Publication information
- Publisher: DC Comics
- First appearance: The Flash vol. 2 #138 (June 1998; cameo) The Flash vol. 2 #141 (September 1998; full)
- Created by: Grant Morrison Mark Millar Ron Wagner

In-story information
- Species: Meta-Zombie
- Team affiliations: Rogues
- Notable aliases: Black Flash, Flashback, Backflash, Slow Lightning
- Abilities: Speed Force includes: Immense superhuman speed, agility, durability and reflexes; Time manipulation, role as psychopomp to speedsters; Immortality; Molecular acceleration; Energy absorption; Dimensional travel; Time travel; Electrokinesis; Intangibility;

= Black Flash =

The Black Flash is a comic book character from DC Comics. Created by writers Grant Morrison and Mark Millar, and artist Ron Wagner, the character had cameos in The Flash vol. 2 #138 (June 1998), before appearing in full in The Flash vol. 2 #141 (September 1998).

==Fictional character background==
=== Original depiction ===
The Black Flash essentially fulfills the same role as Death for those who possess super-speed in the DC Universe, returning the speedster to their power source: the Speed Force. The Black Flash represents the Speed Force's dark aspect, with his connection to death being limited to those connected to the Speed Force.

The Black Flash comes for Wally West to draw back to the Speed Force, but instead takes Linda Park, who is struck by the lightning that was intended to kill Wally. The Black Flash later returns to try to take Wally again, freezing time except for those who possess a connection to the Speed Force. Wally defeats the Black Flash by racing him to the end of time, to a point where death has no meaning, causing the Black Flash to dissipate.

The Black Flash appears to Bart Allen when he loses his powers while battling the Rogues at the Getty Center. Shortly afterward, Bart is killed in battle with the Rogues.

The Black Flash is sent hunting after the Force Barrier's destruction, killing Psych and attacking Steadfast and Fuerza. Hunter Zolomon, enhanced with the Sage Force, Strength Force, and Still Force, takes Barry Allen into the Forever Force.
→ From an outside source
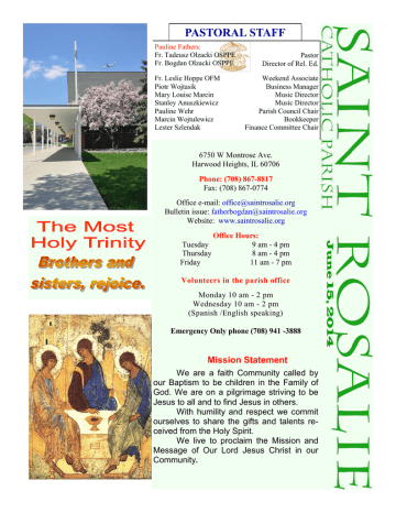 PASTORAL STAFF Pauline Fathers: Fr. Tadeusz Olzacki OSPPE Fr. Bogdan Olzacki OSPPE Fr. Leslie Hoppe OFM Piotr Wojtasik Mary Louise Marcin Stanley Anuszkiewicz Pauline Wehr Marcin Wojtulewicz Lester Szlendak Pastor Director of Rel. Ed. Weekend Associate Business Manager Music Director Music Director Parish Council Chair Bookkeeper Finance Committee Chair 6750 W Montrose Ave. Harwood Heights, IL 60706 Phone: (708) 867-8817 Fax: (708) 867-0774 Office e-mail: [email protected] Bulletin issue: [email protected] Website: www.saintrosalie.org Office Hours: 9 am - 4 pm 8 am - 4 pm 11 am - 7 pm Volunteers in the parish office Monday 10 am - 2 pm Wednesday 10 am - 2 pm (Spanish /English speaking) Emergency Only phone (708) 941 -3888 Mission Statement We are a faith Community called by our Baptism to be children in the Family of God. We are on a pilgrimage striving to be Jesus to all and to find Jesus in others. With humility and respect we commit ourselves to share the gifts and talents received from the Holy Spirit. We live to proclaim the Mission and Message of Our Lord Jesus Christ in our Community. June 15, 2014 Tuesday Thursday Friday St. Rosalie As a community, let us pray for all those who serve our Country Kurt Beyer SPEC. 1st CLASS, ARMY Darryl Guzman PFC ARMY Ryan James Bigoness SGT USMC Michael Rivera ARMY John Velez US AIR FORCE Brian Talarico LCPL USMC Aurora Talarico……...LCPL USMC Matt Skiba Airborne Infantryman Benjamin Juhasz S/SGT USMC May God protect them and return them safely to their families. *** Do You Dream of being a Teacher? St. Rosalie Religious Education is looking for dedicated adults and teens to teach and aide on Sunday mornings for 2014-2015 session. If you are interested please contact Fr. Bogdan Olzacki or Maria Jacobsen at 708-867-8817. 2 WEEKLY COLLECTION The Stewardship Report for Friendly reminders Please arrive June 8, 2014 on time and stay for the entire Mass (“Only one Weekly Offertory: $4,419.35 person left the Last Supper Weekly Offertory Budgeted: early ... ”), genuflect toward $6,000.00 the Blessed Sacrament, join in Weekly Difference: the singing, listen to the read-$1,580.65 For Retired. Priests ing, prepare properly for holy $1,869.00 Communion and avoid “chitThank you for your generos- chat which distracts others ity & all you do for Saint who are connecting with God Rosalie Parish in your through prayer before Mass.” bequests. BAPTISMS: Baptisms are celebrated on the first Sunday of the month. Parents are required to participate in the preparation meeting before the date is scheduled. Please call the office for an appointment. Required Documents: Birth certificate of the child, proof of catholic parish membership (for at least 6 months) for both parents as well as sponsors. WEDDINGS: The Archdiocese of Chicago requires arrangements for weddings be made 6 months in advance. Please call the office for an appointment. Required Documents: Baptismal certificates for the engaged, proof of membership to a catholic parish (for at least 6 months) for both bride and groom, proof of completion of Pre-Cana Program. SACRAMENT OF THE SICK Please call the office to make arrangements. Our priest visits the sick on the first Friday of the month or as needed. A Prayer for Father's Day http://catholicfire.blogspot.com/2012/06/prayer-for-fathers-day.html Saturday 4:00 pm Vigil Mass in English Sunday 7:30 am & 10:30 am In English 9:00 am and 12:00 pm In Polish DAILY MASSES 7:30 am In English followed by Rosary 7:00 pm - In Polish on Fridays Modlitwa za ojców Błogosław, Boże, ojcom, wszystkim ojcom - i młodym, i starym. Błogosław młodemu ojcu, który po raz pierwszy trzyma swoje dziecko w ramionach. Daj mu silę, aby mógł zaspokoić potrzeby dziecka, ale przede wszystkim daj mu miłość, aby mógł nią wypełnić głodne jego serce. Daj mu czas i chęć, aby stał się przyjacielem swojego dziecka. Daj mu mądrość, cierpliwość, sprawiedliwość w wychowywaniu. Uczyń go bohaterem w oczach dziecka. W ten sposób słowo "ojciec" będzie zawsze dla niego symbolizowało człowieka prawego i tego, który potrafi wszystko. Boże, błogosław także ojcom starszych dzieci, które według nich - nie spełniły ich nadziei. Ojcom, którzy są zmęczeni pracą dla swych dzieci, którym one wydają się bezmyślne, niewdzięczne, krytyczne, buntownicze. Błogosław tym ojcom; Boże, pociesz ich. Pozostań z każdym ojcem wtedy, kiedy przychodzi czas pożegnania z synem czy córką. Kiedy dziecko opuszcza dom rodzinny, także ojcowie potrzebują wsparcia (matki nie są jedynymi osobami, które płaczą). Ty, Boże, jako nasz Ojciec Niebieski, oczywiście doskonale rozumiesz ojców. W Twej niewyczerpanej miłości (i niewyczerpanym doświadczeniu!) błogosław ojcom, wszystkim ojcom - i młodym, i starym. During the month of May: Monday thru Friday 7:00 pm - In Polish- May Devotion followed by Mass During the month of Oct.: Monday thru Friday 7:00 pm In Polish– Rosary followed by Mass SACRAMENT OF RECONCILIATION Starts at: 6:00 pm on Friday 3:00 pm on Saturday St. Rosalie God our Father, We give you thanks and praise for fathers young and old. We pray for young fathers, newly embracing their vocation; May they find courage and perseverance to balance work, family and faith in joy and sacrifice. We pray for our own Fathers around the world whose children are lost or suffering; May they know that the God of compassion walks with them in their sorrow. We pray for men who are not fathers but still mentor and guide us with fatherly love and advice. SUNDAY MASSES ADORATION OF THE MOST BLESSED SACRAMENT 5:00 pm - 7:00 pm on Friday & 6:00 pm - 7:00 pm on first Thursday of the Month http://rodzina.wiara.pl/doc/651211.Modlitwy-za-dzieci-i-za-rodzicow 3 St. Rosalie Thank you to everyone who attended our 2014 Parish Carnival last weekend! Big thanks for your support. A special thank you to all of our great Carnival workers who volunteered their time to help make th

The Black Flash chases down Barry and Zoom, hoping to heal the Speed Force. Zoom sacrifices himself to heal the Speed Force, trapping the Black Flash.

=== Barry Allen ===

The second Black Flash is Barry Allen, who was transformed due to Eobard Thawne altering the Speed Force.

=== Eobard Thawne ===

The third Black Flash is Eobard Thawne, who was resurrected and equipped with a power ring as a member of the Black Lantern Corps.

==Other versions==
An original incarnation of the Black Flash, Jesse Quick, appears in Ame-Comi Girls: Featuring Duela Dent #3.

==In other media==
===Television===
An original incarnation of the Black Flash, Hunter Zolomon, appears in the Arrowverse series The Flash (2014).

===Video games===
- The original Black Flash appears in Justice League Heroes: The Flash.
- The original Black Flash appears in Scribblenauts Unmasked: A DC Comics Adventure.
- The Eobard Thawne incarnation of the Black Flash appears as an alternate skin for Barry Allen / Flash in Injustice: Gods Among Us.
- The original incarnation of the Black Flash appears in DC Legends.

===Miscellaneous===
The Black Flash appears in Smallville Season 11 #12. It seeks out Impulse and Jay Garrick's souls, but comes into conflict with the former and Superman. The Black Flash primarily focuses its attention on Impulse, who sacrifices himself to destroy it.